Phase 1.1: LLM Agents & Tool Use Survey
Created: 2026-02-18 20:45 CST Phase: 1 - Breadth Survey Focus: Planning loops, action selection, tool calling, error recovery, long-horizon execution
Executive Summary
LLM-based agents represent a fundamental shift from static language models to dynamic systems that can reason, act, and adapt over extended time horizons. This survey examines the mechanisms by which agents plan, select tools, execute actions, recover from errors, and maintain coherence across long-horizon tasks.
Key insight for personality emergence: Agent behavior is shaped not just by prompts, but by the interaction loop between reasoning, action, observation, and reflection. This loop creates opportunities for behavioral divergence even in identical base models.
1. Planning Architectures
1.1 ReAct (Reasoning + Acting)
Source: Yao et al., 2022 (arXiv:2210.03629)
Core mechanism: Interleaves reasoning traces with task-specific actions.
Thought → Action → Observation → Thought → Action → ...
Key findings:
- Reduces hallucination vs. pure chain-of-thought (CoT) by grounding reasoning in external actions
- Enables error recovery through observation-feedback loops
- Human-interpretable traces facilitate debugging and optimization
Error patterns:
- Loop repetition (23% of errors): Model generates same thought/action repeatedly
- Non-informative retrieval: Failed searches derail reasoning
- Reasoning vs. acting imbalance: Over-reliance on one modality
Relevance to emergence: The Thought-Action-Observation loop creates sequential decision points where behavioral patterns can crystallize. Agents develop “styles” of reasoning (verbose vs. terse, exploratory vs. exploitative).
1.2 Chain-of-Thought (CoT) and Extensions
Source: Wei et al., 2022; extensive follow-on work
Core mechanism: Generate intermediate reasoning steps before final answer.
Extensions relevant to agents:
- Tree-of-Thought (ToT): Explore multiple reasoning paths, backtrack on failure
- Self-Consistency: Sample multiple CoTs, aggregate
- Reflexion: Reflect on failures, store in memory for future attempts
Relevance to emergence: Reasoning style becomes a behavioral signature.
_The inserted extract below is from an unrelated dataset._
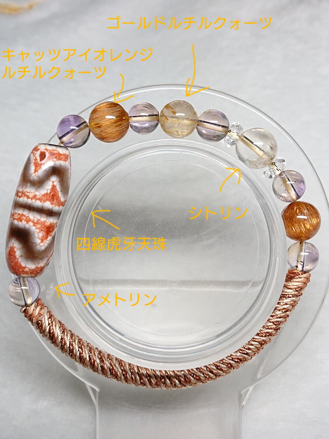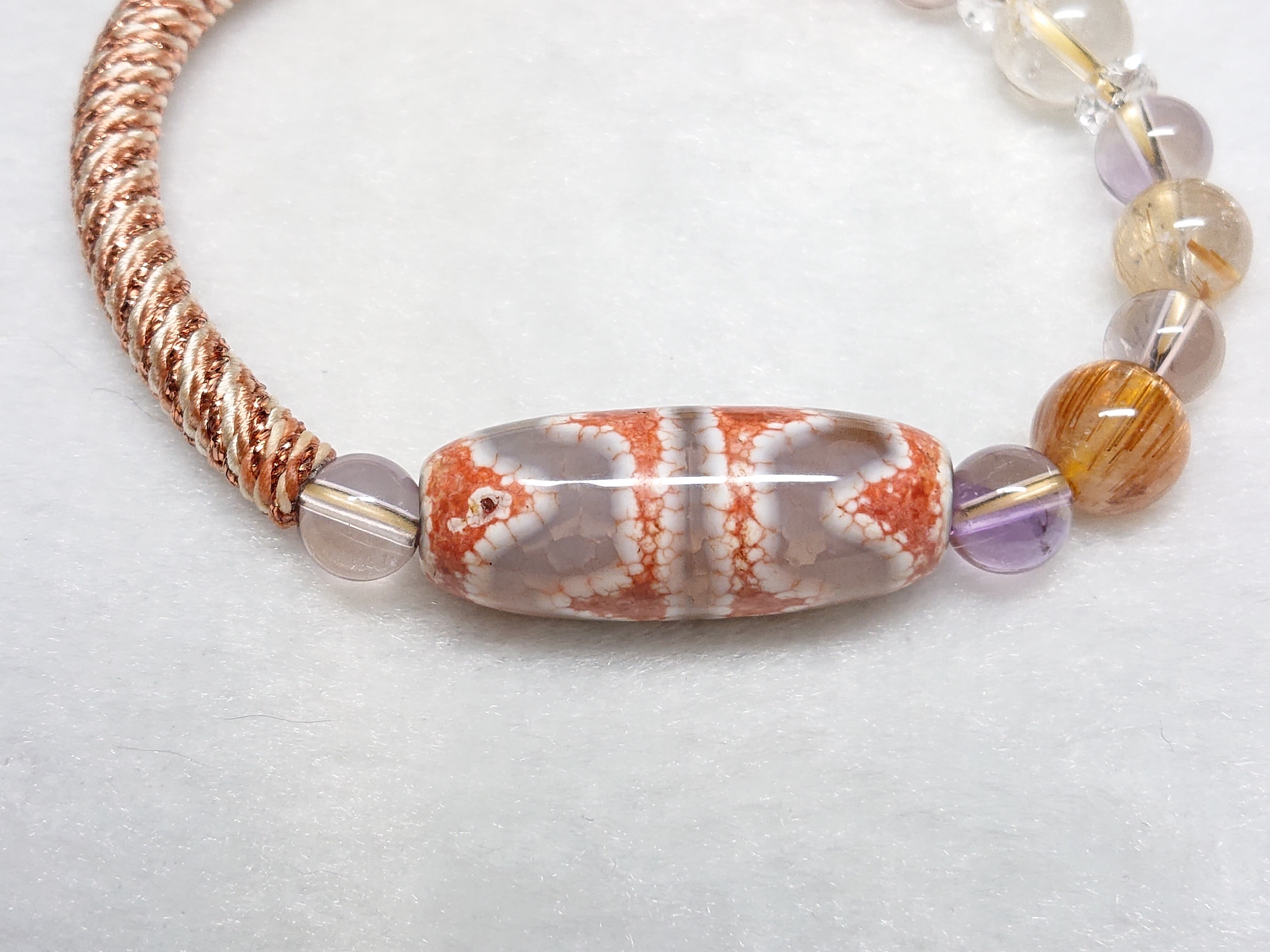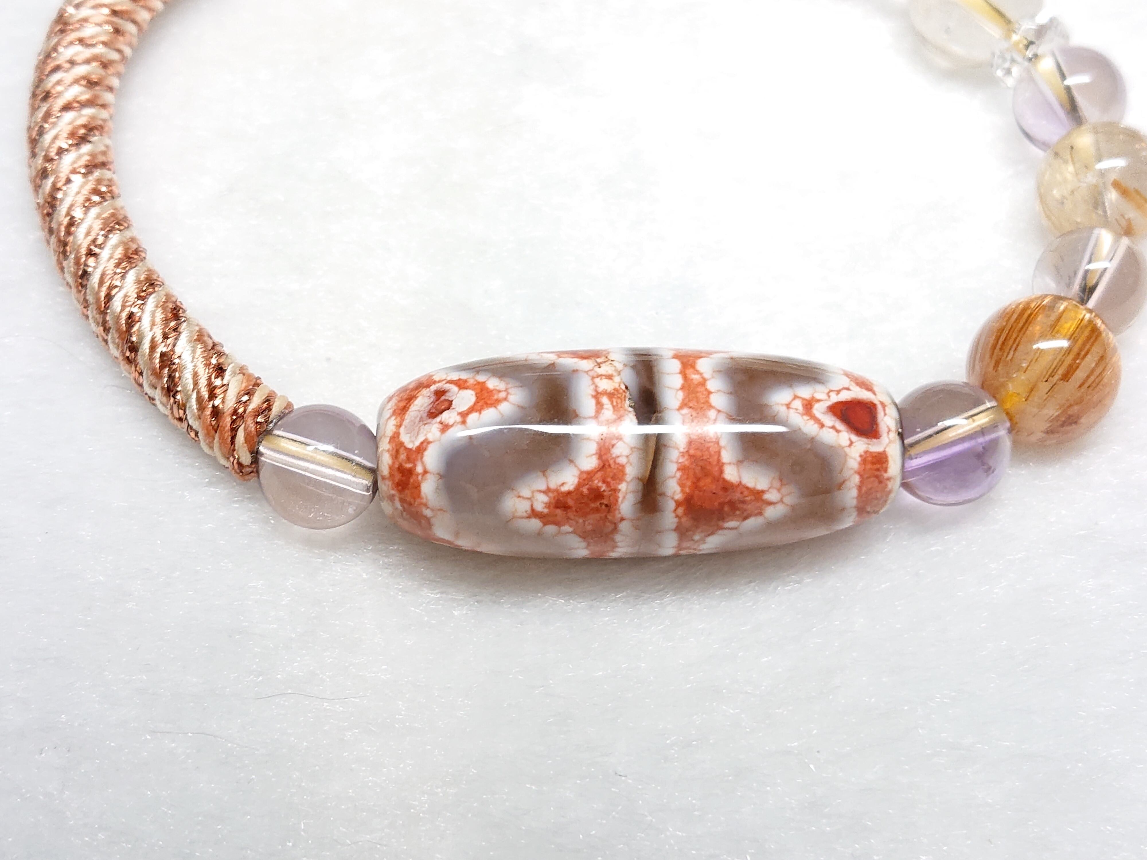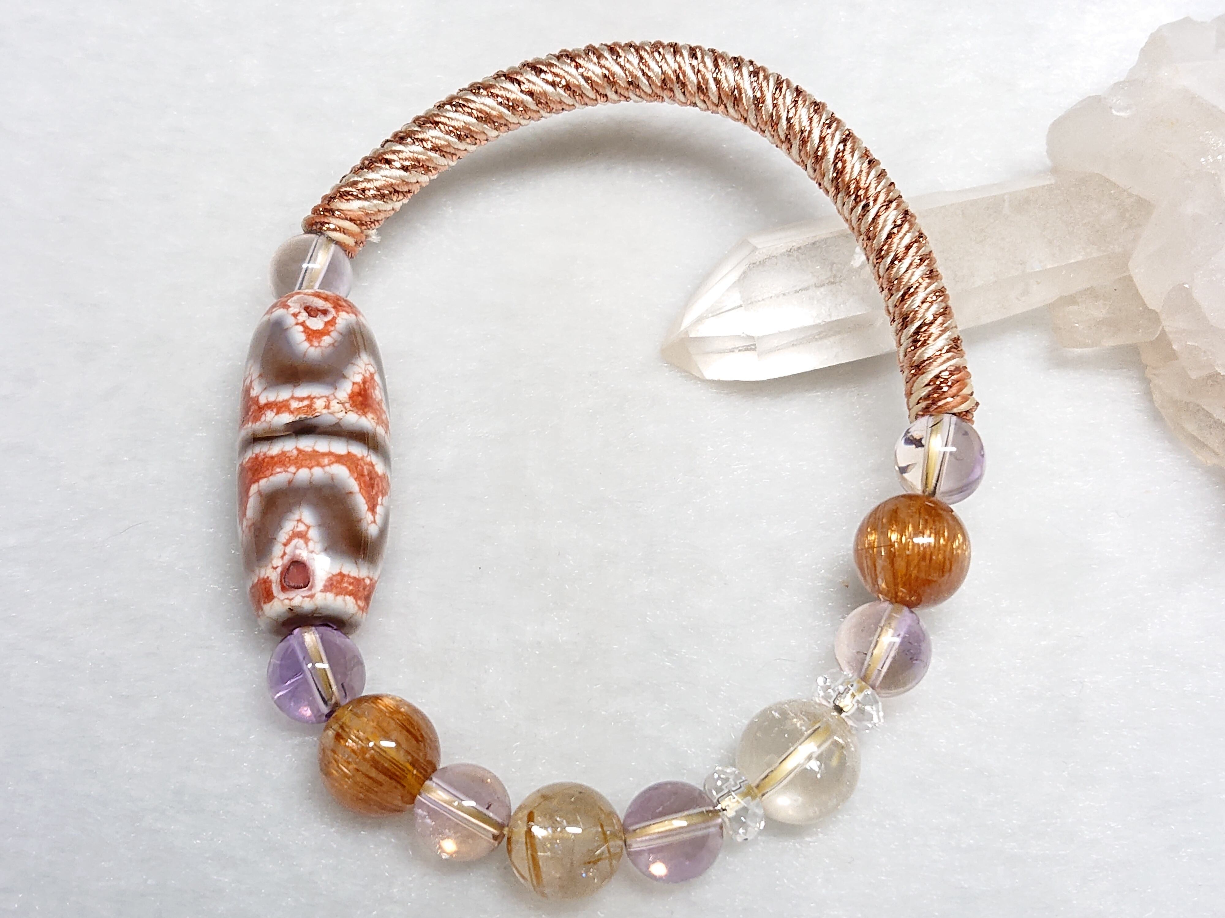 陽だまりの虎✨白・四線虎牙天珠(チベット老玉髄天珠) 龍紋入り、アメトリン(非加熱)、キャッツアイオレンジルチルクォーツ、ゴールドルチルクォーツ、シトリン(非加熱)、水晶(ボタン)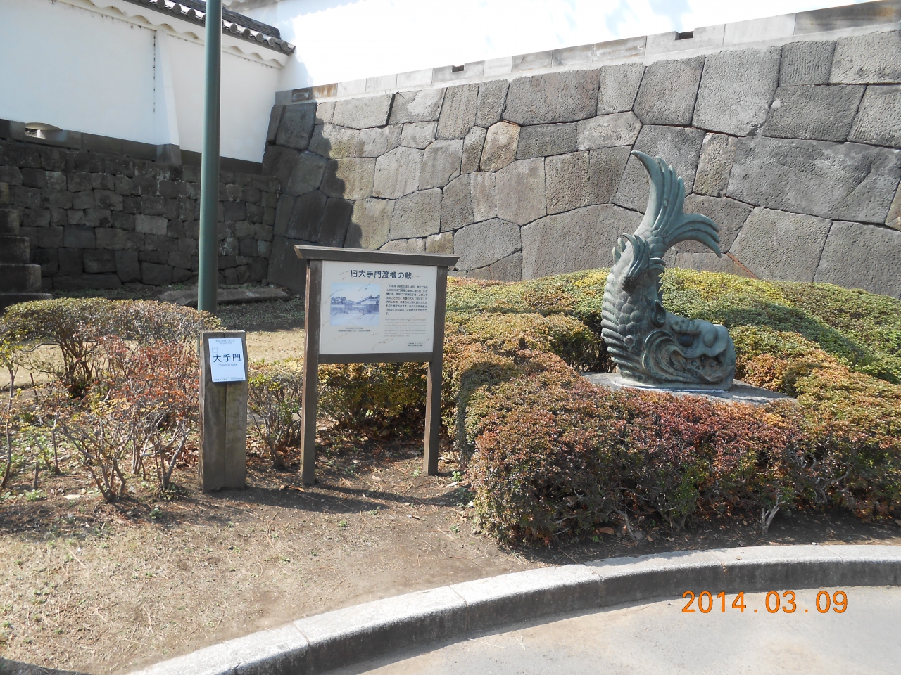 旧大手門渡櫓の鯱は、大手門の枡形内に展示されているので、大手門を通るとすぐにわかります。

Some agents naturally generate long exploratory chains; others prefer short decisive steps. This can be measured and tracked over time.
1.3 Hierarchical Planning
Source: Multiple (LaMMA-P, ReAcTree, Deep Agents)
Core mechanism: Decompose long-horizon goals into subgoals, then action sequences.
Architectures:
- LaMMA-P: LLM for subtask extraction + PDDL planner for execution
- ReAcTree: Dynamic agent trees with decomposition nodes
- Deep Agents: Task managers with multi-level memory
Key finding: Long-horizon planning requires explicit subgoal structures. Pure LLM reasoning degrades over >10-15 steps without external scaffolding.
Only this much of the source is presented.